Saturday, May 19, 2007

The Grrrls With the Bad Reputation

Bikini Kill were one of the first and most famous bands to be associated with the riot grrrl movement that sprang out of the Pacific Northwest in the early 1990s. Riot grrrl was a feminist reworking off punk rock that took the confrontational, anti-establishment, DIY attitude of punk and focused it on women's issues and empowerment. Riot grrrl was a response to and refuge from the sexism and boys-only mentality of both punk and mainstream music, and a venue for young women to express their nascent explorations into feminism.

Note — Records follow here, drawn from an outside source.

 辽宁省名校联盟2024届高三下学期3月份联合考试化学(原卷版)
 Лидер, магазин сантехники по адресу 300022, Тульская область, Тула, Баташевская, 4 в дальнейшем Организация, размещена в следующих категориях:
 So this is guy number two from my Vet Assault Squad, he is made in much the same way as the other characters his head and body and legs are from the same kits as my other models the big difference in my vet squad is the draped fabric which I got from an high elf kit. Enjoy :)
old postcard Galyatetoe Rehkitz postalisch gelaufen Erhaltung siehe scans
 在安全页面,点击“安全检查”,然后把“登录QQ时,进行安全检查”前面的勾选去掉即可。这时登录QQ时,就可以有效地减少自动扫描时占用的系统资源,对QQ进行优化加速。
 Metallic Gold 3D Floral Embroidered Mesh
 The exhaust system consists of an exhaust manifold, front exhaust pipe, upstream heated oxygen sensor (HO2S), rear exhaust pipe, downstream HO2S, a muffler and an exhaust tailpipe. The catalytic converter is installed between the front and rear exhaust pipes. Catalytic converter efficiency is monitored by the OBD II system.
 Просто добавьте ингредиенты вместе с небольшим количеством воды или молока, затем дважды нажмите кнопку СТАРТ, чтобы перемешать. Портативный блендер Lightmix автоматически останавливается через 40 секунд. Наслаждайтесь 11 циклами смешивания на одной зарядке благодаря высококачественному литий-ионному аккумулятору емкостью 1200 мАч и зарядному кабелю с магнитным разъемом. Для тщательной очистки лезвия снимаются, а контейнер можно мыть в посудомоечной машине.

Early Bikini Kill was very adolescent both in sound and philosophy, taking a "1, 2, Fuck You" approach to feminism. They were awkward, messy, full of energy and heart but lacked songwriting chops, and were overeager and undersubtle. Their first tape came out around 1990, and then they had a split LP with Huggy Bear in 1992, which were later paired around 1994 into "The CD Version of Their First Two Albums". There are some great songs on this disc, which was partially produced by punk legend Ian MacKaye. "Carnival" is a great punk song, and "Double Dare Ya" kicks things off with a healthy dose of anger. Mostly though, the songs are more full of possibility hindered by a lack of musical ability and maturity. Case in point: The chorus of "White Boy" : "White boy/don't cry/Just die!" It just doesn't quite work as either a chorus or a philosophy. This is the sound of a bunch of excited and pissed off girls (and a guy) in their garage furiously trying to put all of their thoughts into songs, and getting it a little mixed up in the process.

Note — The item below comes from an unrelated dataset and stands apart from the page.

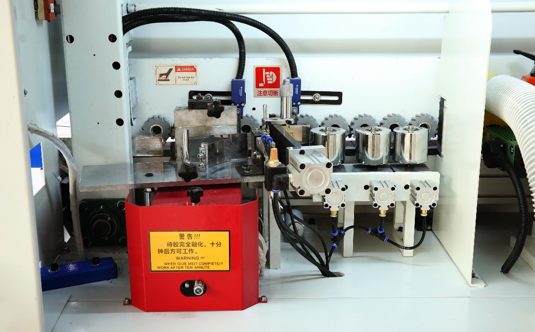全自動(dòng)封邊機(jī)主要包括機(jī)身、各加工部組、控制系統(tǒng)。機(jī)身部分由上下橫梁、底座組成,其中機(jī)身部分關(guān)系到精確度,上下橫梁,關(guān)系到加工板材能否直線運(yùn)行,確保每個(gè)工位的精密運(yùn)行。封邊機(jī)可分為手動(dòng)曲線封邊機(jī)和全自動(dòng)直線封邊機(jī)兩種。標(biāo)準(zhǔn)機(jī)型配置為:只具備齊頭,修邊,刮邊,拋光這四個(gè)主要單元。利用感應(yīng)器檢知工件工位從而完成封邊機(jī)的輸送--涂膠--切斷--前后齊頭--上下修邊--上下精修--上下刮邊--拋光等封邊工序。用戶可根據(jù)自己的實(shí)際情況增加雙修,開(kāi)槽,仿形等工位。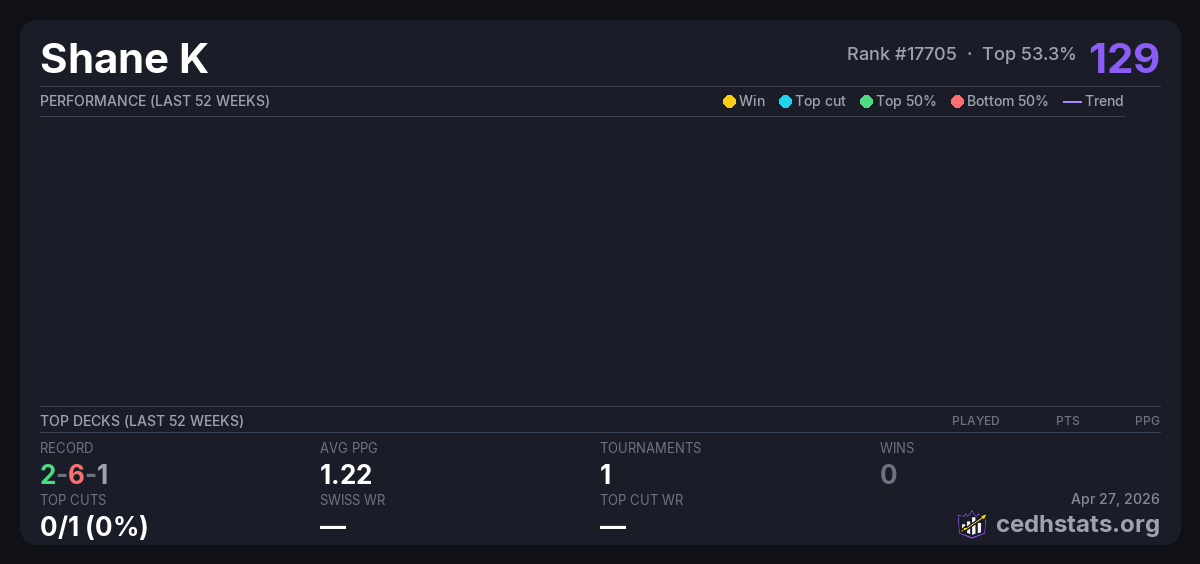 | Iron Lion June CEDH League Jun 04, 2025 · 17 players | — | 6/17 | 2-6-1 | 1.22 | 129 |

However clumsy their first release is, though, it is full of unrestrained energy. 15 years later it is still hard not to get caught up in their excitement when singer Kathleen Hannah screams "I double dare ya, girl-fuckin'-friend!!"

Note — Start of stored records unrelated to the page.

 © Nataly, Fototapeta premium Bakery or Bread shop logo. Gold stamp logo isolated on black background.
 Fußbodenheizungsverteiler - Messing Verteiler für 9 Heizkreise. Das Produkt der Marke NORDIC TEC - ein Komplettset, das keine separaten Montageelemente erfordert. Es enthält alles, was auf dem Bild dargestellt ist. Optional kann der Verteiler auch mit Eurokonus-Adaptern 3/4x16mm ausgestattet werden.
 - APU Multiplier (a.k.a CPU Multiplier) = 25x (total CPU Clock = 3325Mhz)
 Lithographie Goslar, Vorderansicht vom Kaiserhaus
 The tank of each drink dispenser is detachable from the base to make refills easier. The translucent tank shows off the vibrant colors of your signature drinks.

In 1993 they recorded their first proper album, Pussy Whipped. Pussy Whipped was a step forward for the band, showing off improved songwriting skills. The basic 1-2 punk off their earlier work was replaced with a dirtier, grungier sound, and the lyrics were a little less obvious. My favorite track is the chaotic, manic "Star Bellied Boy", which seems to be an attack on a date rapist. Hannah starts the song off screaming "He said he wanted to/just touch you" before hitting the chorus of "Star bellied boy different from the rest/prove you're different from the rest/you're no fucking different from the rest!" before yelling the final refrain "Why do I cry/every time I cum?/I can't I can't I can't cum!"

It's both heavy and empowering. Here is someone laying out sexual abuse while calling the fucker out for it.

In 1996, the came out with their masterpiece, "Reject All-American". The noisy chaos of their earlier work was replaced by better, cleaner production and actual hooks. It was a little like a punkier Go-Gos, catchy, fun, and smart. One of the highlights was the two-minute blast "Capri Pants" , a declaration of The Love That Cannot Be Named that has Hannah declaring "It feels so good it must be wrong!" The album was followed with a ton of singles that were eventually collected as 1998's "The Singles", which is a must-have. It features one of Bikini Kill's best songs, "I Like Fucking". This song shows how far the ladies came since their days as angry riot grrrls dealing with the darkest sides of gender relations, seeing males as adversaries, and recovering from inequality and abuse.
"Just cuz my world is so goddamn fucking full of rape/Does that mean that my body must always be a source of pain?" Hannah asks, before declaring "I believe in the radical possibilities of pleasure!" It is a truly empowering song, and hints at the sex-positive feminism embodied by artists like Peaches. The fact that this has largely been degenerated in the mainstream into sluttiness-as-feminism just makes the whole thing that much more bittersweet.

By the late nineties Riot Grrrl was being used to sell everything from the spice girls to lipstick, as Madison Avenue jumped on the opportunity to use empowerment to sell the same tired stereotypes to women. Bikini Kill was distracted by multiple side-projects and celebrity, and drowning in scene politics. Like all punk bands, Bikini Kill was more focused on issues in the scene than issues in the larger world, and eventually caved into the pressure and broke up in 1998. Kathleen Hannah went new wave, replacing hooks and sincerity with keyboards and boring irony. The other ladies went on to form several superfluous indie rock bands that drowned in their own jadedness. Still, I can't be that disappointed by the Frumpies or Le Tigre. Bikini Kill left a large legacy, and I think they've inspired a lot of young women to form bands of their own, and have helped make feminism a more acceptable concept. Plus, they fucking rock, which is why they are and will forever be one of my favorite bands.